Ahora, exactamente ahora, oigo ese sonido. Mamá sabe que papá se ha levantado y que viene
bastante alterado hacia nosotras. Entonces gira con elegancia y toma en sus manos la bandeja
con las tortas fritas. Vuelve a girar en sentido contrario y avanza hacia el lugar por el que
seguramente aparecerá mi padre.
Se encuentran en la puerta de la cocina. Papá trae un papelito en la mano; parece una
banderita blanca, pero para mí, desde donde estoy atrincherada, parece una declaración de
guerra.
Mamá queda entre él y yo con la bandeja a la altura de sus pechos. La bandeja llena de tortas
fritas parece un escudo de oro protector interpuesto por mamá para defenderme.
Papá sacude el papelito y trata de mirarme por encima de mamá. Yo permanezco inmóvil junto
a la cocina, muy cerca de la sartén con su mar de grasa caliente; todavía humea un poco.

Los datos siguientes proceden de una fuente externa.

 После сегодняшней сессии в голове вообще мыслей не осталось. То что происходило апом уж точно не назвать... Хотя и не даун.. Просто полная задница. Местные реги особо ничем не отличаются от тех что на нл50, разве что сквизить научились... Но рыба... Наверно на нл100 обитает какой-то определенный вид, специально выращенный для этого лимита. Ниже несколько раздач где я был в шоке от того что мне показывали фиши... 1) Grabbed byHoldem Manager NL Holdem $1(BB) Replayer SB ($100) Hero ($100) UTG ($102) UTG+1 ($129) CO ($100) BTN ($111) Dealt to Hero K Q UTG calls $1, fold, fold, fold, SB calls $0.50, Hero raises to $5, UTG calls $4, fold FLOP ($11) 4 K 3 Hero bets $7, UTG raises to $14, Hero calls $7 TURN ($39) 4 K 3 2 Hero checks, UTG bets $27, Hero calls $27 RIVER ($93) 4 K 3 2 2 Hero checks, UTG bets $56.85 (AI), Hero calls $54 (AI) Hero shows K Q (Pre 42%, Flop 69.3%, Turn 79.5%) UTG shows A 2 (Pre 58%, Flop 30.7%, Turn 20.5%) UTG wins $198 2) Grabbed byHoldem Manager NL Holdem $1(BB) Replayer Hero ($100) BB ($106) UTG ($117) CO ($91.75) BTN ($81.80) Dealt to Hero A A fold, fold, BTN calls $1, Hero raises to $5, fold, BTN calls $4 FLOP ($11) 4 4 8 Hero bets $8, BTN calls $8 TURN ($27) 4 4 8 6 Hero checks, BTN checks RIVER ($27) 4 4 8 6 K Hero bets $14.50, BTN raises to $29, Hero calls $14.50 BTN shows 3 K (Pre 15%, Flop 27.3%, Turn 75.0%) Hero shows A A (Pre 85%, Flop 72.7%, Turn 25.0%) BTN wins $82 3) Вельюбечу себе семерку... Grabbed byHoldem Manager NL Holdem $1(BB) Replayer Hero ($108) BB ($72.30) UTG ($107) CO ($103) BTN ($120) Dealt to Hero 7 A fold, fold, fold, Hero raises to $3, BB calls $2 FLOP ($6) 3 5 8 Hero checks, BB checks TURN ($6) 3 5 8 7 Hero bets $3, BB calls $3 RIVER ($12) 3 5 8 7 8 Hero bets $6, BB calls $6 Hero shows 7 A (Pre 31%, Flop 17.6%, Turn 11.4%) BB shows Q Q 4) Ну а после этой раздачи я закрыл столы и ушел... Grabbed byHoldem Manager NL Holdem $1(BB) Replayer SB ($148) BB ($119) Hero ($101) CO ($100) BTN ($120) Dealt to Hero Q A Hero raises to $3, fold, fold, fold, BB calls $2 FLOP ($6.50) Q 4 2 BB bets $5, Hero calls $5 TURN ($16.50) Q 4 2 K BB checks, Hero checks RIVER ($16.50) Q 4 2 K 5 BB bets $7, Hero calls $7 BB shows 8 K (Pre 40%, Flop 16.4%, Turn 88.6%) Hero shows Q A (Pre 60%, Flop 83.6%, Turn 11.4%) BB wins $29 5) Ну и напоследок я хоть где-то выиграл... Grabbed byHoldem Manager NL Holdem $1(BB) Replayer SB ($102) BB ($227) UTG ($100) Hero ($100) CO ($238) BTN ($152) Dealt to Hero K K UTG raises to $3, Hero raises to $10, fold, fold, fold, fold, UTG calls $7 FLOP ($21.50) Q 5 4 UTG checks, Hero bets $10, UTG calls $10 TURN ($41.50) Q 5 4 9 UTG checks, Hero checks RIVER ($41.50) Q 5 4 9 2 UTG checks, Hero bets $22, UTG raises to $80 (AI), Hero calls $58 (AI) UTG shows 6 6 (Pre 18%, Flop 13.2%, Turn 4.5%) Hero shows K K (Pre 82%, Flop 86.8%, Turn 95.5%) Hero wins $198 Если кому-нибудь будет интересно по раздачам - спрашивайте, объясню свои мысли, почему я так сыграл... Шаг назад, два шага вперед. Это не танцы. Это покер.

Imagino que ahí dentro debe estar nadando con desesperación la última gota que vi saltar
hace un momento.
Entonces comienza a gestarse un milagro de entrecasa: mamá le sonríe a papá, le balancea la
bandeja muy cerca de su nariz y le pregunta con dulzura mirando el papelito:
3. —¿No querés comerte unas tortas fritas antes de que hablemos de eso?
Cierro los ojos y me concentro: "Capicúa una, capicúa dos y capicúa tres: que se coma una
torta de una vez". Lo pido tres veces, tal como lo exige el protocolo de un buen conjuro.
Cuando abro los ojos papá ya se está comiendo una torta frita...
Pero como los milagros a veces no son completos, papá me muestra el papelito que tiene el
sello de la escuela y me habla con la boca llena:
—Anina... mira que ni bien termine con las tortas fritas... hablamos muy en serio sobre esto.